※この記事は、行政書士事務所の開業準備中に執筆した体験記を、現在の活動状況に合わせて一部修正したものです。
現在は大阪市中央区で行政書士事務所を運営し、障がい福祉事業所の運営支援・開業支援を行っています。
私自身の経験を通じて感じた、働き続けるために必要な支援についてお伝えします。
≪「大丈夫」と言い続けた私へ――うつ病と孤独な休職から学んだ支援のあり方≫はこちら
倒れて初めて、家族に知られる
復職していたある日、体調を崩して3日間自宅で倒れていました。会社が連絡を入れてくれたことで、母や兄に私の状態が知られることになります。
涙する母に、私は何も返せませんでした。ただ、「もう一人では限界だった」と、やっと気づけたのです。
母との同居、情けなさと無力感との闘い
その後、母と同居することになりました。最初の数ヶ月は、情けなさと無力感でほとんど何もできませんでした。

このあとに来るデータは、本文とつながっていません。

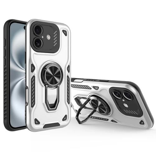 Funda para iPhone 16 Plus Soporte Giratorio Metal Carcasa Magnética TPU PC (Blanca)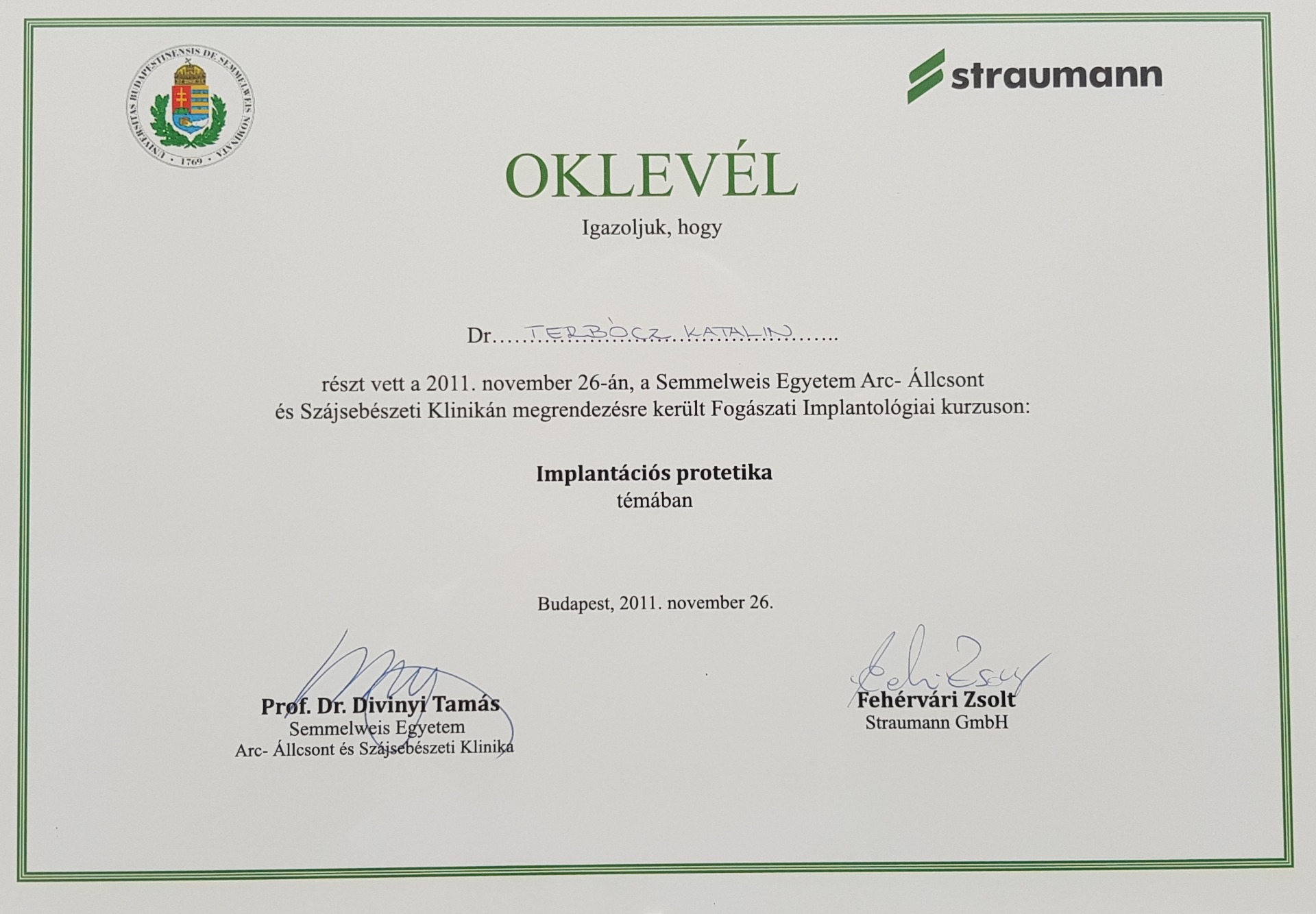 Universitätsklinik SEMMELWEIS Budapest - 2011. Zahnmedizinische Diplom, SEMMELWEIS

でも、ようやく病気と向き合う決意ができたのは、この時期だったと思います。
自分で探した「行政の支援」
退職後、体調を見ながら福祉サービスについて一人で調べ始めました。すると「就労移行支援事業所」という存在を知ります。
そこから、障がい者雇用、トライアル雇用、A型事業所と段階的にステップを踏みながら、少しずつ社会との関わりを取り戻していきました。
ただ、その間も、好不調の波は襲ってきます。そのため、障がい者雇用も退職し、A型事業所も一つは退職しています。
ただ、そんな中、本当にじれったくなるくらい少しずつ前に進んでいたのだと思います。自分自身も、周りの家族も、私のこの病気との向き合い方を、探り探りつかめてきていたのかもしれません。
支えてくれた人たちと、「働くこと」への思い
主治医、支援員、そして母。無理のないペースで働くこと、社会とつながり続けることの大切さを教えてくれました。
「働き続ける」ことは、フルタイムで働くことではありません。自分にできる範囲で社会と関わり、必要な支援を受けながら、安心して暮らす道もあるのです。
現在、私は49歳です。振り返れば、40代の多くは、思うように仕事ができない期間となりました。
それでも、今、自分は前を向けています。現在も通院と服薬を続けており、完全に治癒したわけではありませんので、不安ももちろんあります。
でも、あの時の「自分」を助けたい。あの時の「周りの人」に恩返しをしたい。
その思いを持って、現在は障がい福祉分野を中心に支援する行政書士として活動しています。